The dissent effectively points out that the majority's analysis "ignores the core reasoning of Costco that section 954 prohibits courts from parsing a communication between lawyer and client in order that those parts not involving a legal opinion or advice can be disclosed." "The majority seemingly embraces the notion that courts may parse a legal communication to permit disclosure of those parts that were not 'made for the purpose of legal consultation'" while pointing out that the majority strains unconvincingly to distinguish Costco.
"Even more pernicious," the dissent says of the majority opinion, "…is its suggestion that the protective scope of the privilege somehow wanes with the termination of the subject litigation." The court fails to provide compelling authority or explain any legal basis for how a document, once privileged somehow loses the protection of privilege based upon the passage of time. Indeed, the dissent appropriately points out there is nothing in the Evidence Code to support it.
If billing statements become unprivileged once the litigation in which they were generated is resolved, what implications will that have for work product protection in legal malpractice actions? A client discharges Lawyer Number One and hires Lawyer Number Two who routinely sends billing statements detailing his or her work. Once the matter is resolved, Client sues Lawyer Number One for malpractice. Are the billing statements of Lawyer Number Two now discoverable because the state supreme court has declared billing statements to be unprivileged? There are broad implications for such a view in non-CPRA cases. How will this decision impact the protections normally available for work product of Lawyer Number Two? The County of Los Angeles decision leaves us with many questions and few answers.
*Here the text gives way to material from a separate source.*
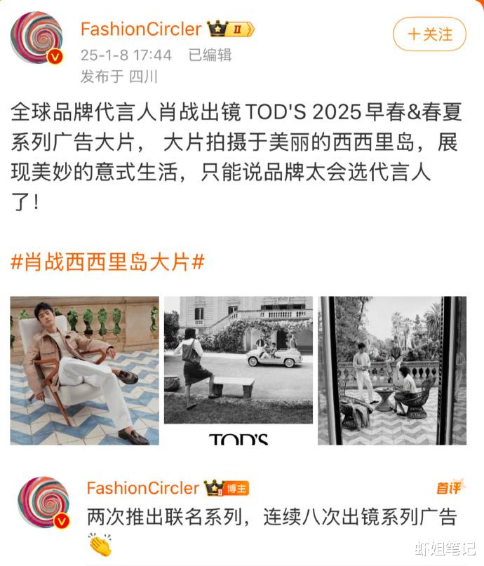 2025年,对于肖战和他的粉丝来说,无疑是一个惊喜连连的年份。从影视作品到音乐创作,再到时尚领域的突破,肖战每一次出场都能带来新的惊喜。而此次与TOD’S的合作,更是他职业生涯中的又一个高光时刻。远赴西西里岛,演绎全球广告大片,肖战用他的实力和魅力,再次证明了他在国际舞台上的不可替代性。

Regardless of the public policy behind the CPRA, this opinion unfortunately goes too far, intruding into the sanctity of the attorney-client privilege and, as characterized by Justice Werdegar in her dissent, undermining "this pillar of our jurisprudence…." While it is possible to argue that the opinion is limited to cases under the CPRA involving production of law firm billing records, the court did not expressly so limit its holding and its broadly-worded pronouncements will no doubt be cited time and again in discovery disputes seeking discovery of billing statements and other privileged communications. The California Supreme Court should be more restrained and thoughtful of analysis before inviting such inroads into the most sacrosanct privilege in American jurisprudence.
 L.A. Cty. Bd. of Supervisors v. Superior Ct. (ACLU of S. Cal.), Cal. 4th, No. S226645, 2016 WL 7602131 (Dec. 29, 2016).
 Id., 2016 WL 7602131 at *8.
 Gov't Code §6250 et seq.
 Bus. & Prof. Code §6149 provides: "A written fee contract shall be deemed to be a confidential communication within the meaning of subdivision (e) of Section 6068, and Section 952 of the Evidence Code." Thus, fee agreements are privileged.
 Costco Wholesale Corp. v. Superior Ct., 47 Cal.4th 725 (2009).
 Id. at 730-731.
 L.A. Cty. Bd. of Supervisors v. Superior Ct., supra, 2016 WL 7602131, at *11.
 Id. at *10-11.
 Id. at *20.
 Id. at *15-16.
 Id., dissenting opinion at *6.
 See, Schlumberger Limited v. Superior Ct., 115 Cal. App. 3d 386, 394 (1981), holding that the work product of the client's counsel in a legal malpractice action is not generally discoverable unless it would unfairly prejudice the party seeking discovery or result in an injustice.
 L.A. Cty. Bd. of Supervisors v. Superior Ct., supra., 2016 WL 7602131, dissenting opinion, at *1-2.